━━━ Data

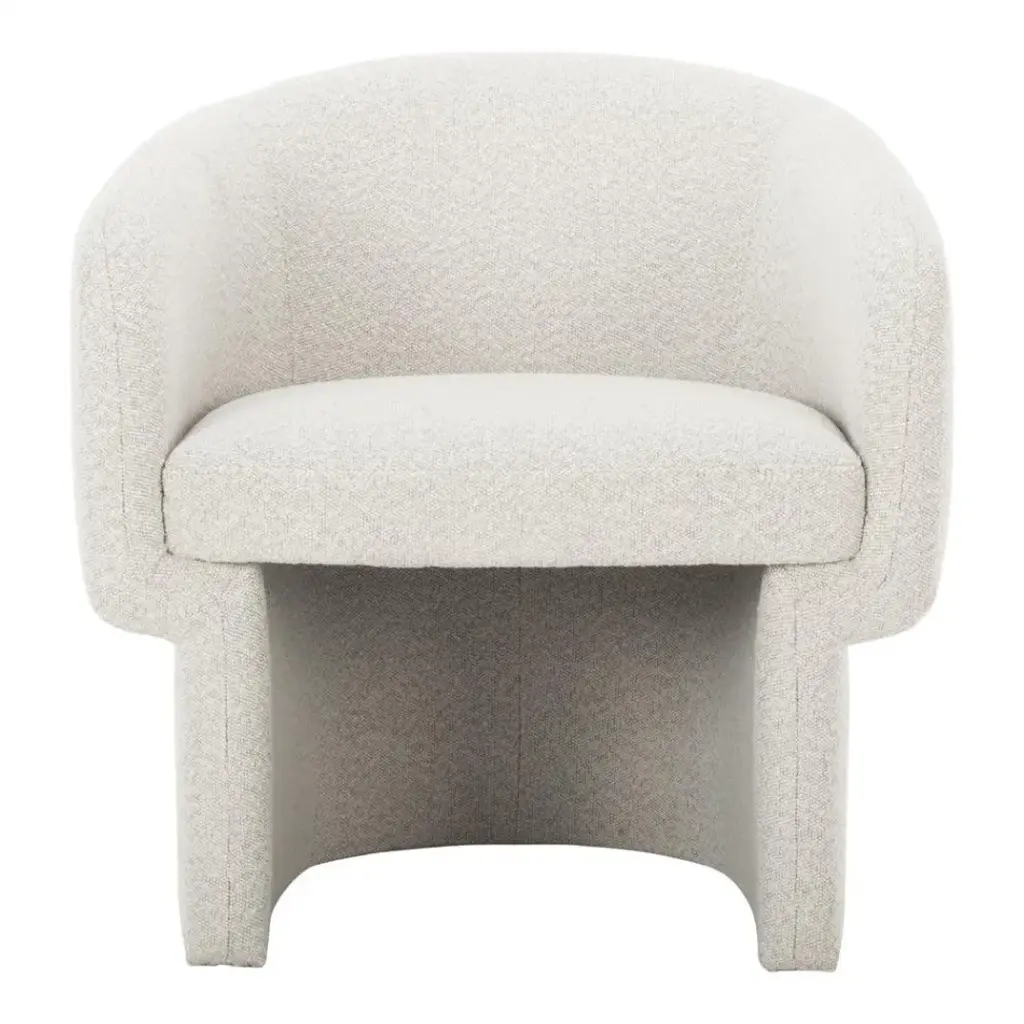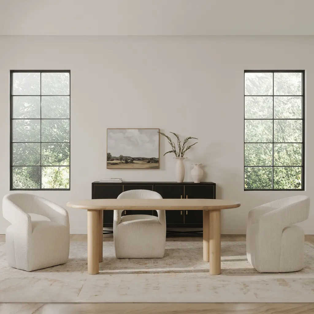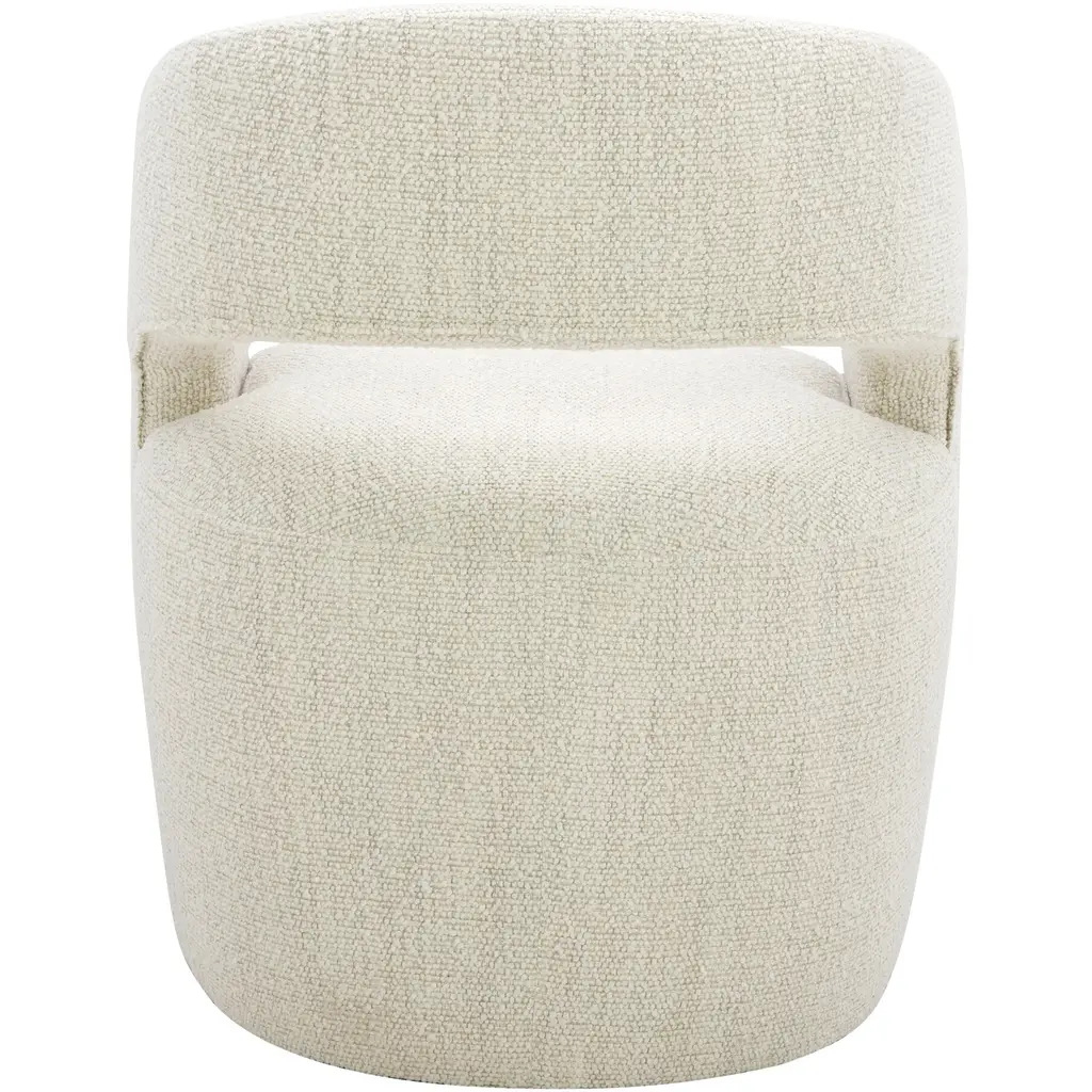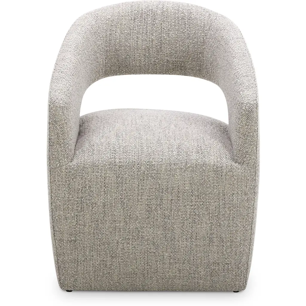 A contemporary dining chair upholstered with a NeverFear performance boucle, Barrow is easy to clean and easy on the eyes with a rolling base that lets you pass the peas and bounce from conversation to conversation. The curved back, along with the ultra-comfortable feather, high-density foam and poly-fill cushioned seat adds living room comfort to the dining experience.
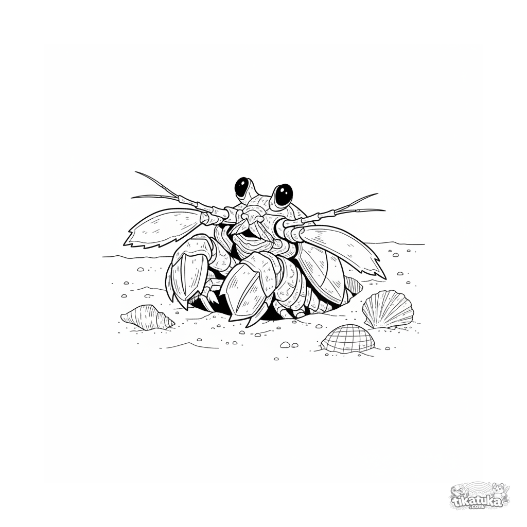 Detailliertes Ausmalbild für 10-12 Jahre: ein Fangschreckenkrebs lugt aus seiner Höhle im sonnigen Flachwasser. Vintage-Gravurstil mit klaren Konturen.
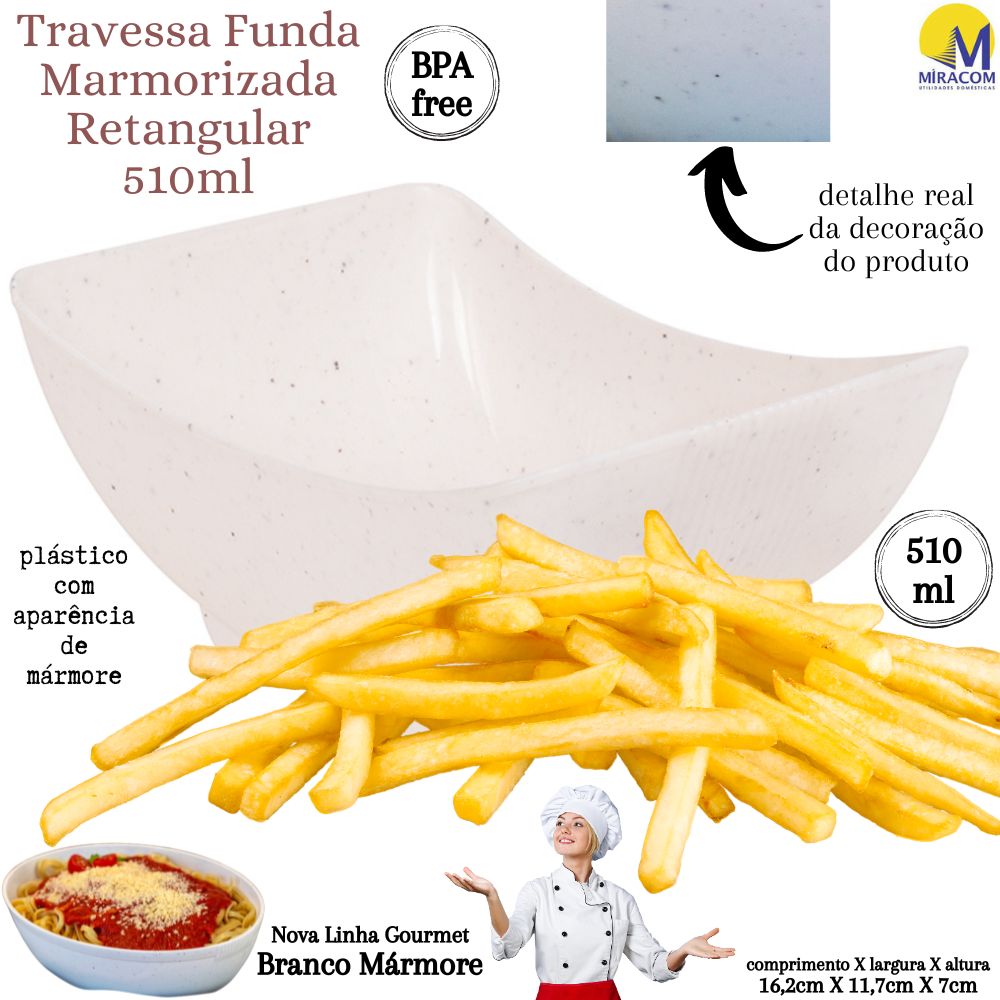 Este Produto Da Nova Linha Marmorizada Traz Um Toque peculiar, Estiloso E Moderno Aos Seus Utensílios De Servir. A Travessa Conta Com Um Espaço Generoso Para Servir Os Quitutes E Porções Menos Volumosos. O Produto É Fabricado Em Polipropileno Atóxico De Alta Densidade, Totalmente Seguro Para A Alimentação E Livre De Bpa Em Sua Composição. A Decoração No Fundo Do Produto É Permanente Devido À Tecnologia Intraimagem Aplicada Em Sua Fabricação, Que Não Permite Desbotamento E Mantém Os Detalhes Marmorizados Vivos Por Mais Tempo. A Travessa, Inclusive, Pode Ser Levada Com Segurança Tanto Ao Freezer Como Microondas, Sem Comprometimento Da Integridade Do Material E Tampouco Da Saúde De Quem Nele Se Serve. O Produto Suporta Temperaturas Extremas Variantes Entre -10º E 120º, Embora Não Possa Ser Levado Ao Forno Convencional.

━━━━━━

▶ _Problem to solve_: Exact copy, pictures excluded: repeat the lines from the top of the material through the line with "Detailliertes Ausmalbild für".

▶ _Exercise output_:
 A contemporary dining chair upholstered with a NeverFear performance boucle, Barrow is easy to clean and easy on the eyes with a rolling base that lets you pass the peas and bounce from conversation to conversation. The curved back, along with the ultra-comfortable feather, high-density foam and poly-fill cushioned seat adds living room comfort to the dining experience.
 Detailliertes Ausmalbild für 10-12 Jahre: ein Fangschreckenkrebs lugt aus seiner Höhle im sonnigen Flachwasser. Vintage-Gravurstil mit klaren Konturen.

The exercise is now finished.